Удивительно, как бытовые нужды железнодорожников связанные с заготовкой корма домашним животным, становились, как теперь говорят, решением ландшафтного дизайна. При подъезде к станции пикеты выкашивались, люди расчищали от ивняка и малинника отведенные им участки. Действительно, я помню, как с родителями мы ходили в лес за грибами, и путь наш лежал от казармы 327км за Колину будку, теперь она Ирина, но мне, тогда ребенку трех с половиной лет, в 70-х годах прошлого века ни что не мешало идти и даже бежать, высокой травы не было. Другая картина предстала передо мной в августе 2017 года, когда более чем через четыре десятка лет, я вновь оказалась в Овинищах. В голове моей даже промелькнула мысль о том, как это было возможно по такому травостою, и только спустя время, я поняла, что тогда все было по-другому. И коров в поселке набиралось целое стадо, и кормить их надо было, поэтому и травой ничего не зарастало.

Сухая жаркая погода хороша для заготовки сена, но отсутствие дождей в июле, самой макушке лета, и даже в августе, требовало заботы и на огороде, где растения нуждались в обильном поливе. И это на Овинищенской возвышенности, где никогда не было природных источников воды, а поселок всегда имел только колодезное водоснабжение. В особенно засушливые годы воды в колодцах хватало только на бытовые нужды. И снова спасала железная дорога. Вечерами, во время продолжительных интервалов в графике движения поездов, на пути устанавливали модерон. На эту однорельсовую тележку помещали две большие деревянные бочки и тащили их к месту заправки водой паровозов, к водонапорной башне. Здесь их наполняли и катили по рельсу обратно. Затем, отчерпнув из каждой бочки по три-четыре ведра, их сгружали на землю, и слегка наклонив, устанавливали на ребро круглого днища и перекатывали к огороду. Эти самые бочки знали не только однорельсовую железнодорожную тележку. Летом в них вода, а зимой то, что требовало этой воды – огурцы, капуста. Однако, прежде чем делать запасы на зиму, нужно было тщательно подготовить емкости для запаса продуктов в необходимом для семьи количестве. Бочки долго вымачивали в пруду, выкопанном в огороде, тщательно мыли, после чего наливали в них немного воды, укладывали верес (можжевельник), кидали зацепленные кочергой раскаленные докрасна железнодорожные накладки, плотно закрывали и оставляли на некоторое время, чтобы выделяющиеся из-за пара можжевеловые фитонциды убили патогенную микрофлору и отдали дереву свой специфический аромат. Такая обработка позволяла сохранять продукты, которые держали в кладовой, построенной руками Ивана Петровича из бревен рядом с казармой, пока он не выкроил время для сооружения погреба. Все необходимые для ведения хозяйства постройки: сараи, загоны, хлев, курятник делались зимой и ранней весной, в другое время года такой возможности не было. Не находили времени и для заготовки достаточного количества дров, за которыми отправлялись на санях в березняк, расположенный по дороге на Лемешиху, поэтому часто дом отапливали старыми шпалами, что естественно, далеко не безвредно.

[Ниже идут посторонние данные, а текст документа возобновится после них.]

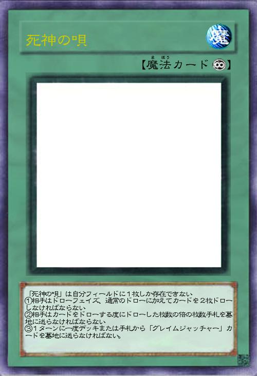 | 「死神の唄」は自分フィールドに1枚しか存在できない ①相手はドローフェイズ、通常のドローに加えてカードを2枚ドローしなければならない ②相手はカードをドローする度にドローした枚数の倍の枚数手札を墓地に送らなければならない ③1ターンに一度デッキまたは手札から「グレイムジャッチャー」カードを墓地に送らなければない。 | |||
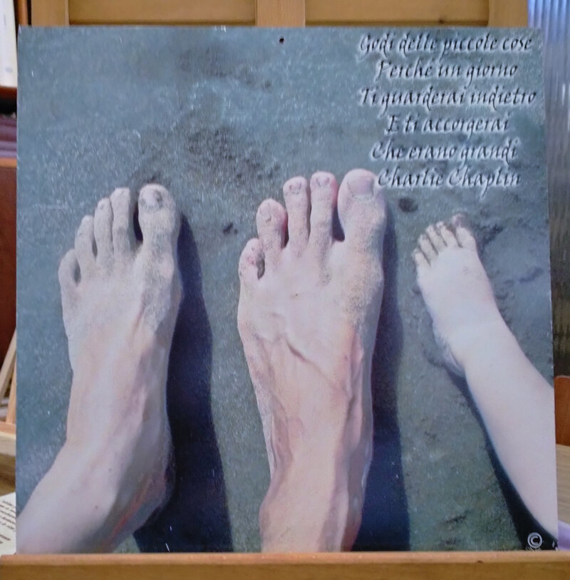 Piedi famiglia sulla sabbia con citazione di Charlie Chaplin
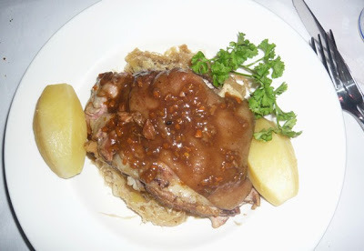 My $11.50 braised pork shank with cep confit, sitting on a bed of choucroute,
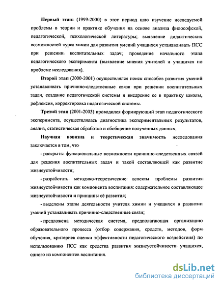 Первый этап: (1999-2000) в этот период шло изучение исследуемой проблемы в теории и практике обучения на основе анализа философской, педагогической, психологической литературы; выявление дидактических возможностей курса химии для развития умений учащихся устанавливать ПСС при решении воспитательных задач; проведение начального этапа педагогического эксперимента (выявление мнения учителей и учащихся по проблеме исследования).
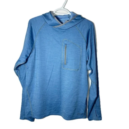 Wrap yourself in the comfort of Patagonia's organic cotton hoodie, a perfect blend of style and functionality for any casual outing or active day out. The lightweight fabric ensures ease of movement, while the hooded design and long sleeves provide warmth and versatility for cooler weather. With a solid blue colour, this pullover hoodie boasts a classic yet chic look, complemented by the brand's signature logo accent and practical pockets. Designed for women who appreciate the fusion of outdoor flair and everyday wear, this size small hoodie is suitable for a variety of occasions, from walking and driving to travel and leisure. The chest measures a roomy 20 inches, ensuring a regular fit that's not too tight or too loose. Machine washable and easy to care for, this hoodie is an essential addition to your wardrobe for a relaxed and stylish season.
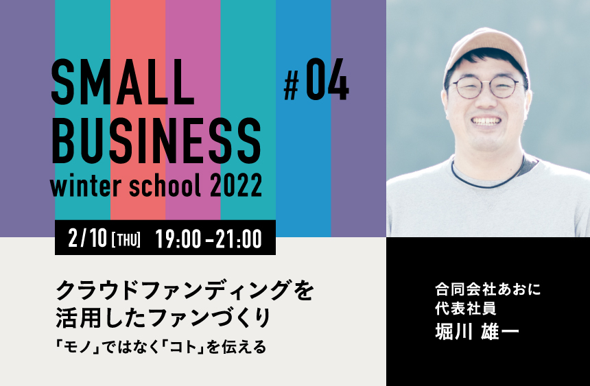 SMALL BUSINESS winter school 2022の期間中、講座とは異なりますが、同じくスモールビジネスのヒントとなるようなイベントを同時開催いたします。こちらも奮ってご参加ください。
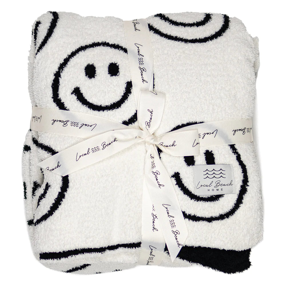 Local Beach - Smiley Luxe Home Blanket - Black/Cream
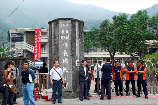 立委高金素梅昨天邀請安徽省長王三運參訪屏東縣佳義國小,來路不明的安全人員及制服守衛在校門口把關過濾進出人員,強勢阻擋未在核准之列的媒體進入。(記者李立法攝)
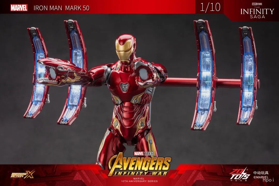 为还原该场战斗,本次钢铁侠MK50场景版配置四个纳米浮游炮,连同一个浮游炮支架,一款套装专属的公路场景地台。纳米浮游炮与浮游炮支架均采用磁吸设计,装卸方便,安装牢固,把玩体验非常优秀!纳米浮游炮涂装上经典的钢铁侠金属红配色及内构银点缀,在浮游炮支架上,每个纳米浮游炮均可实现独立发光 同时,钢铁侠MK50配件配有:纳米鲨鱼炮1对、尾翼1个、替换手型4对、火焰特效件1对供玩家进行沉浸性把玩。
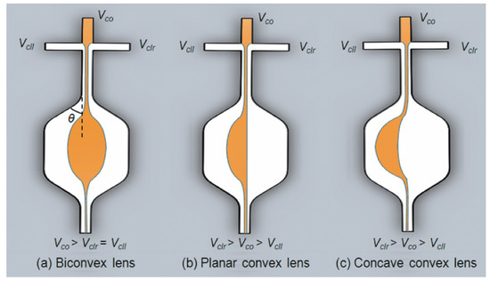 Figure 3. Different curvatures of tunable liquid microlenses via the control of laminar flow rate [36]: (a) biconvex lens; (b) plano-convex lens; (c) concave-convex lens.
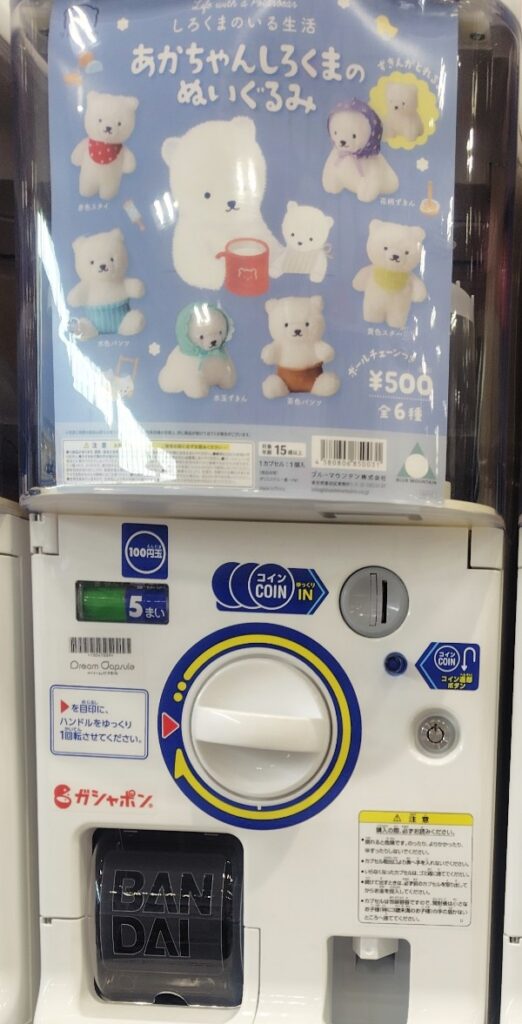 しろくまのいる生活 あかちゃんしろくまのぬいぐるみの楽しみ方は、ガチャガチャを楽しむです。
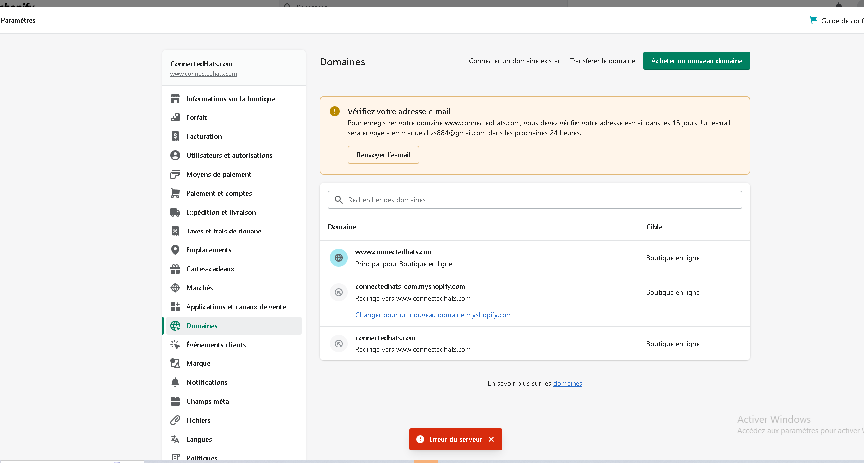 Un message d’erreur apparait quand je veut vérifier mon adresse mail pour mon nom de domaine :
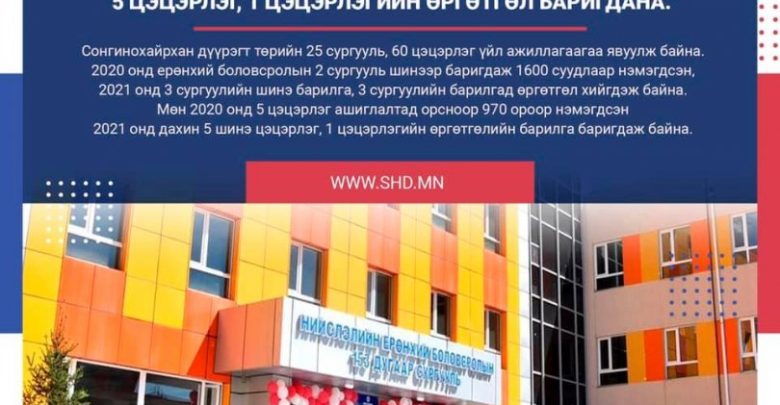 Сонгинохайрхан дүүрэгт 2021 онд шинээр гурван сургууль, гурван сургуулийн өргөтгөл, таван цэцэрлэг, нэг цэцэрлэгийн өргөтгөл барихаар төлөвлөжээ.
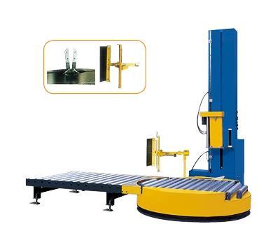 本机是专业为适应流水线作业而要求而设计的缠绕包装机械.其主要特点是在普通托盘机的基础上增加了自动上膜,断膜,抚膜的功能,并可以根据用户情况配送前后输送线,实现货物的自动进货,自动包装、自动输出等全自动无人化操作.减少人力成本,提高工作效率。非常适合现代化企业的自动化包装的需要。
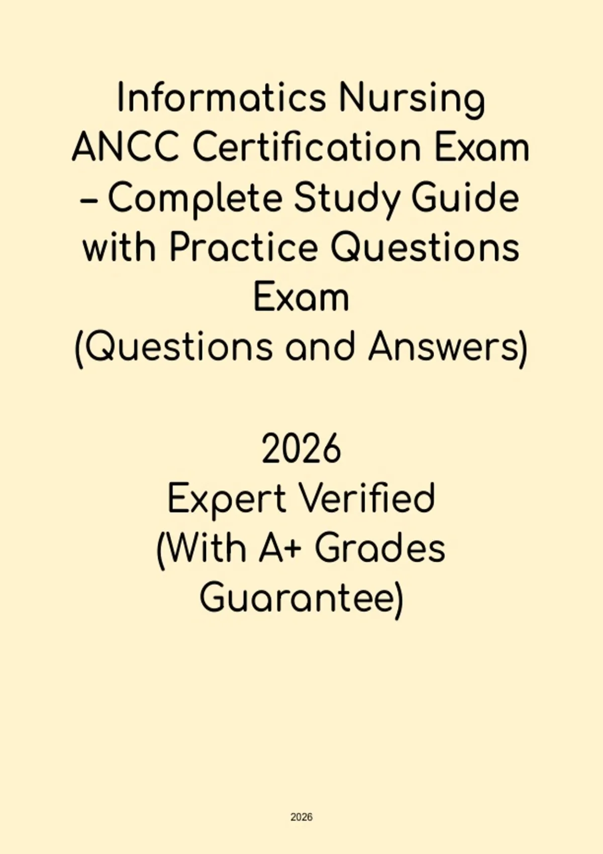 This Informatics Nursing 2026 ANCC Certification Exam Complete Study Guide with Practice PDF is a full, exam-aligned resource designed to help nursing professionals prepare effectively for the Nursing Informatics Certification Exam, covering key informatics topics such as data management, clinical information systems, interoperability, analytics, privacy and security, leadership, and evidence-based practice, and includes practice questions to reinforce learning and improve test-taking skills for certification success.
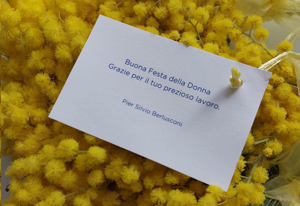 Questa mattina, 8 marzo 2024, sulle scrivanie e su ogni luogo di lavoro, le Donne che ogni giorno operano all’interno degli studi e gli uffici di Cologno Monzese, Milano e Roma hanno ricevuto in omaggio dall’amministratore delegato del gruppo televisivo e radiofonico Mediaset Pier Silvio Berlusconi le classiche mimose, simbolo di questa giornata dedicata alle Donne. Ad accompagnare il floreale omaggio anche un biglietto che riporta l’augurio e il ringraziamento per il lavoro che ogni giorno le Donne del gruppo Mediaset svolgono con dedizione e impegno.
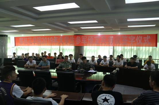 6月20日下午,2019年大学生参军预定兵签字仪式在办公楼五楼会议室举行。东区人民武装部部长康贺卫、学生工作部部长周传兴,51名预定兵参加了本次签字仪式。

(пашня (Мария Ивановна, Иван Петрович, родственник из Пестова) 1943-1945гг. Приданиха)

Осенне заботы тоже не заканчивались сбором урожая. Вряд ли кто-то из современных людей согласится на поездку за грибами в дождь, на подводе, в которую запряжена лошадь. Не те нынче времена, чтобы грибы собирать подводами, а дождливая погода была бы как раз подходящей для такого занятия, да и нам гораздо удобнее, когда под капотом автомобиля десятки лошадей, а в салоне климат-контроль. Но бывали и другие случаи. Будучи уроженцем Дмитровки, дед знал все самые замечательные грибные места за Щекинской выгородой. Туда он выбирался нечасто, исключительно за молодыми белыми грибами, и помогали ему в этом машинисты дистанции, сбавляя ход поезда на определенном километре пути, чтобы он мог спрыгнуть и дать им знак, по которому они тут же увеличивали скорость. Обратно добирался пешком. В октябре, когда борозда уже отдыхала от летних трудов, Иван Петрович направлялся на поезде в Приворот, где на кочках посреди болотистой местности, можно было набрать брусники. Здесь он оставался на ночлег в шалаше, рядом с которым разводил костер. Дочь, Людмила, волновалась за него и не раз спрашивала отца, как он не боится один ночью в лесу? Тот отшучивался, говоря, что с наступлением темноты он засыпал, а когда просыпался, то уже светло было и бояться было некогда.

Все это лишь оттельные эпизоды жизни целого поселка с ежедневными заботами его жителей. Нам, современным людям, кажется такое не под силу, а ведь так жили села и деревни всей страны.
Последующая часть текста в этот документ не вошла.